▶ [PROBLEM]
Starting at the line that contains "Chaleco acolchado con" and stopping after the line that contains "En una captura", transcribe the listing below exactly; do not include any pictures.

>>>

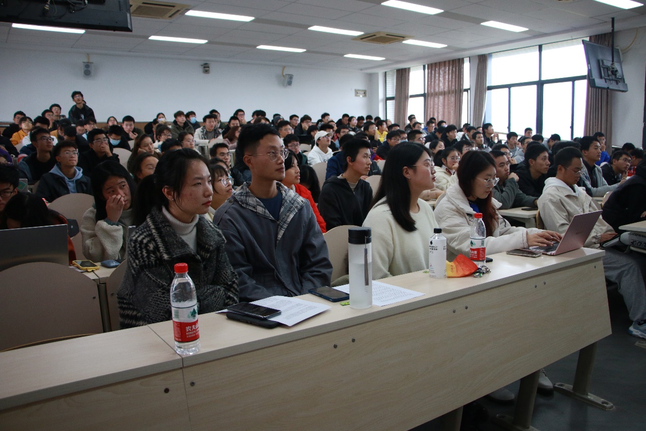 最后,已经保研到本院的18级本科生学姐李铭益带来她在本科阶段的经验。课程学习方面,学姐建议大家抓住课堂时间,紧跟老师进度,好好听课,认真完成作业,跳出内卷怪圈,不要过度内耗;竞赛科研方面,学姐推荐大家尽早了解,尽早参赛,积累经验;学生工作和社团活动方面,学姐认为大学应该是五彩斑斓的,学习之余参加活动也可以丰富大学生活,但是一定要平衡好学习和实践的时间,切不可顾此失彼。学姐真诚的分享干货满满,同学们表示十分受用。
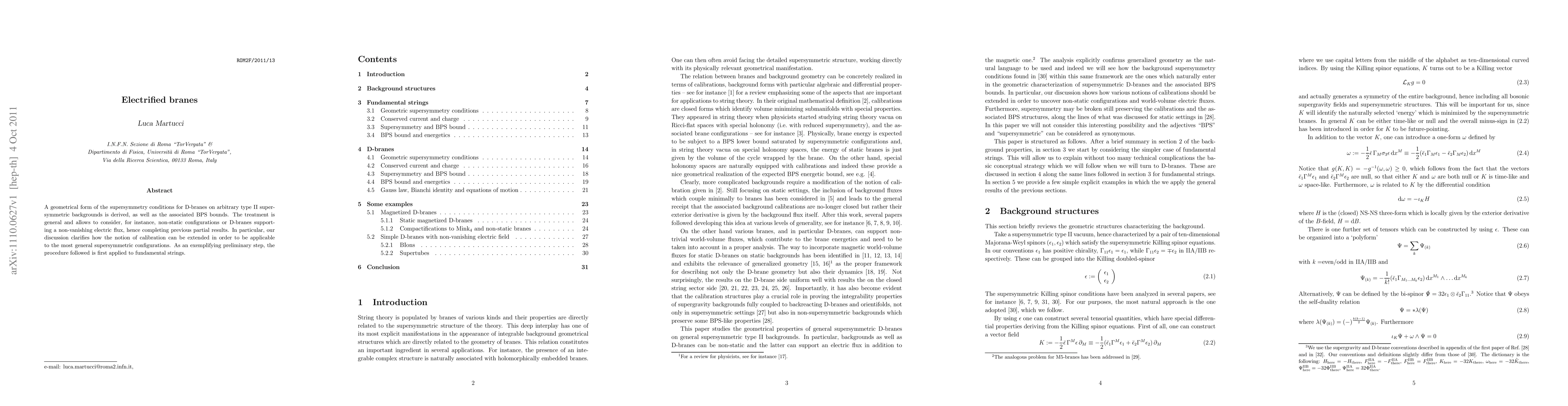 A geometrical form of the supersymmetry conditions for D-branes on arbitrary type II supersymmetric backgrounds is derived, as well as the associated BPS bounds. The treatment is general and allows to consider, for instance, non-static configurations or D-branes supporting a non-vanishing electric flux, hence completing previous partial results. In particular, our discussion clarifies how the notion of calibration can be extended in order to be applicable to the most general supersymmetric configurations. As an exemplifying preliminary step, the procedure followed is first applied to fundamental strings.
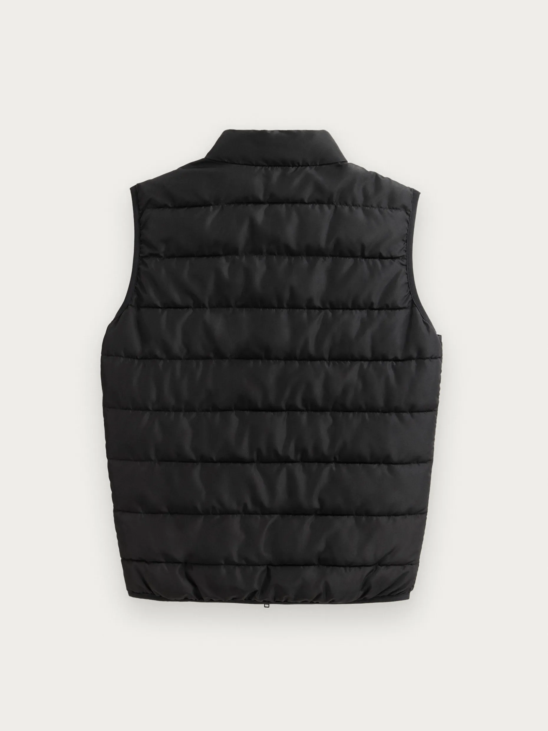 Chaleco acolchado con cuello subido y cierre central mediante doble cremallera, dos bolsillos a la altura de la cintura con cierre de cremallera y logo de la marca grabado en el frontal al tono. Elástico en la sisa y cintura. Cremalleras termoselladas. Interior con dos bolsillos y doble compartimento cada uno.
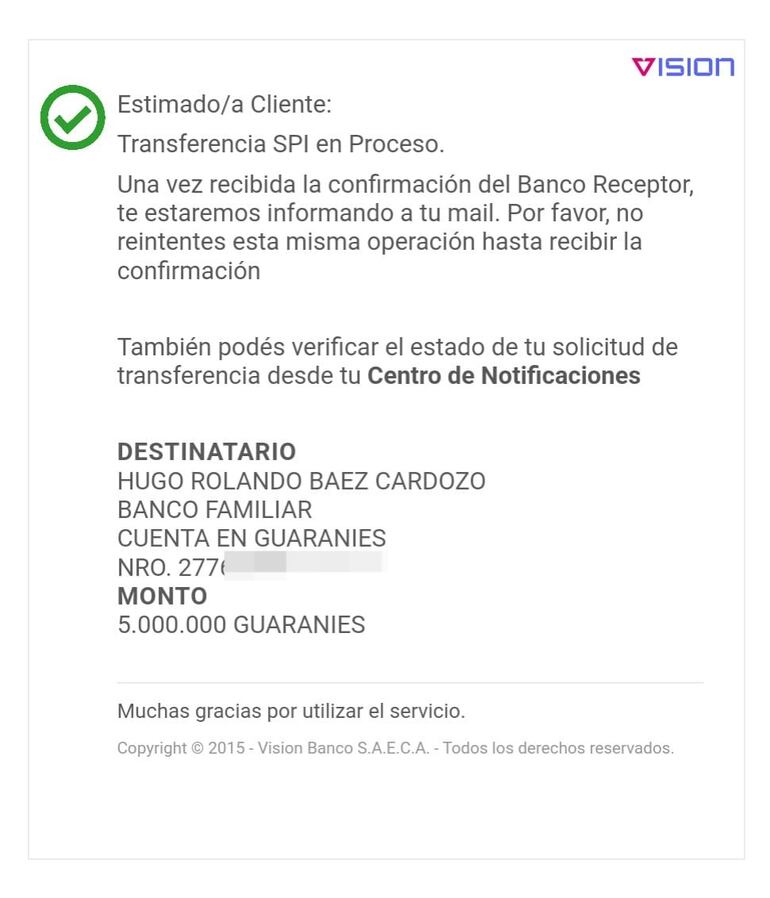 En una captura compartida por el intendente, se verifica una transferencia bancaria realizada a una cuenta bancaria en una conocida entidad bancaria a nombre de Hugo Rolando Báez Cardozo por valor de G. 5.000.000.
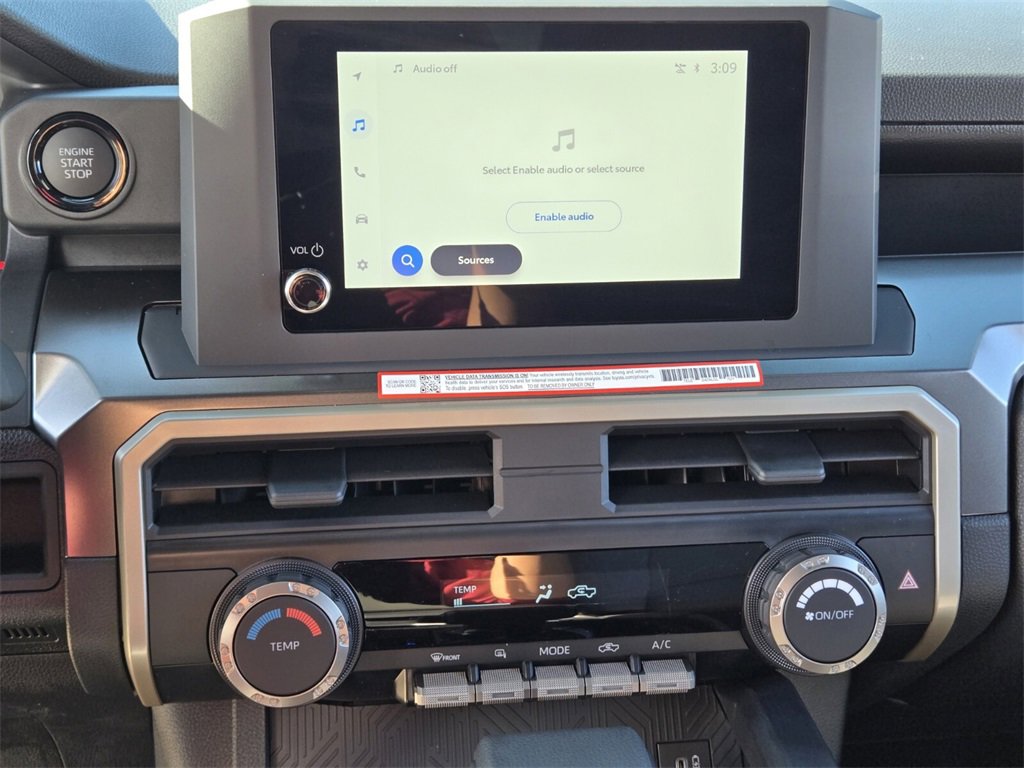 Included Features: 3.583 Axle Ratio, 4-Wheel Disc Brakes, 6 Speakers, ABS brakes, Air Conditioning, Alloy wheels, AM/FM radio: SiriusXM, Anti-whiplash front head restraints, Apple CarPlay/Android Auto, Auto High-beam Headlights, Auto-dimming Rear-View mirror, Brake assist, Bumpers: body-color, Driver door bin, Dual front impact airbags, Dual front side impact airbags, Electronic Stability Control, Emergency communication system: Safety Connect (1-year trial), Exterior Parking Camera Rear, Fabric Seat Trim, Four wheel independent suspension, Front anti-roll bar, Front Bucket Seats, Front Center Armrest, Front fog lights, Front reading lights, Fully automatic headlights, Heated door mirrors, Illuminated entry, Knee airbag, Low tire pressure warning, Occupant sensing airbag, Outside temperature display, Overhead airbag, Overhead console, Panic alarm, Passenger door bin, Power door mirrors, Power steering, Power windows, Radio: 8" Toyota Audio Multimedia, Rear step bumper, Rear window defroster, Remote keyless entry, Speed control, Speed-sensing steering, Split folding rear seat, Spray-On Bed Liner (TMS), Steering wheel mounted audio controls, Tachometer, Telescoping steering wheel, Tilt steering wheel, Traction control, Trip computer, Variably intermittent wipers, and Wheels: 17" Styled Alloy.
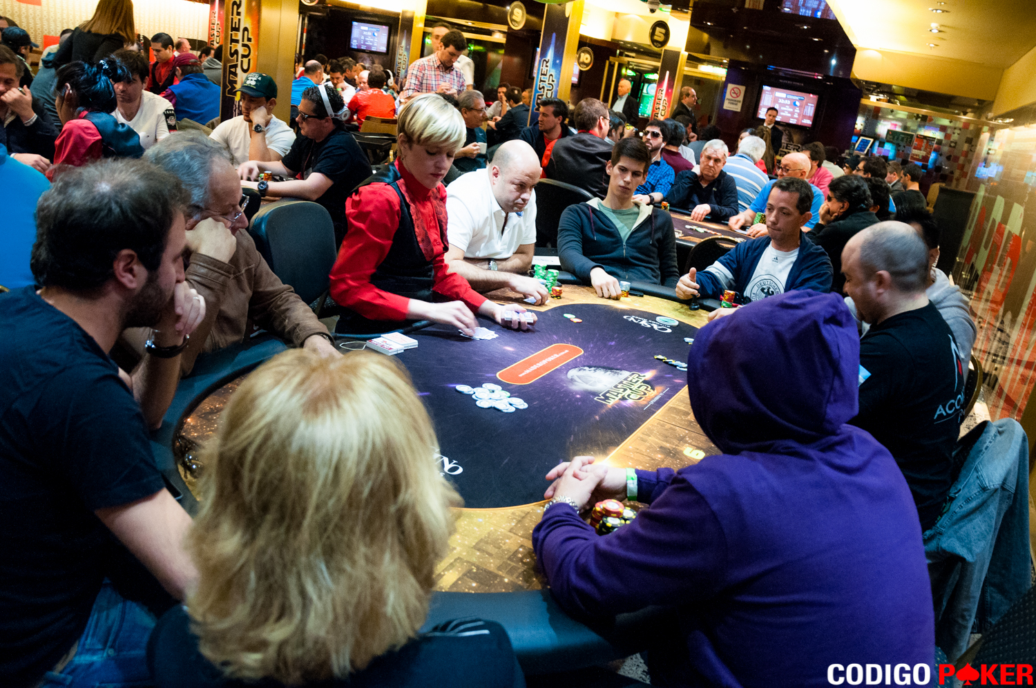Llegamos a la mesa cuando Gustavo Bianchi y Andrés Dos Santos estaban jugados por 12.000 y 7.000 puntos respectivamente y Juan Pablo Caione cubriendo a ambos.

<<<

▶ [EXERCISE SOLUTION]
 Chaleco acolchado con cuello subido y cierre central mediante doble cremallera, dos bolsillos a la altura de la cintura con cierre de cremallera y logo de la marca grabado en el frontal al tono. Elástico en la sisa y cintura. Cremalleras termoselladas. Interior con dos bolsillos y doble compartimento cada uno.
 En una captura compartida por el intendente, se verifica una transferencia bancaria realizada a una cuenta bancaria en una conocida entidad bancaria a nombre de Hugo Rolando Báez Cardozo por valor de G. 5.000.000.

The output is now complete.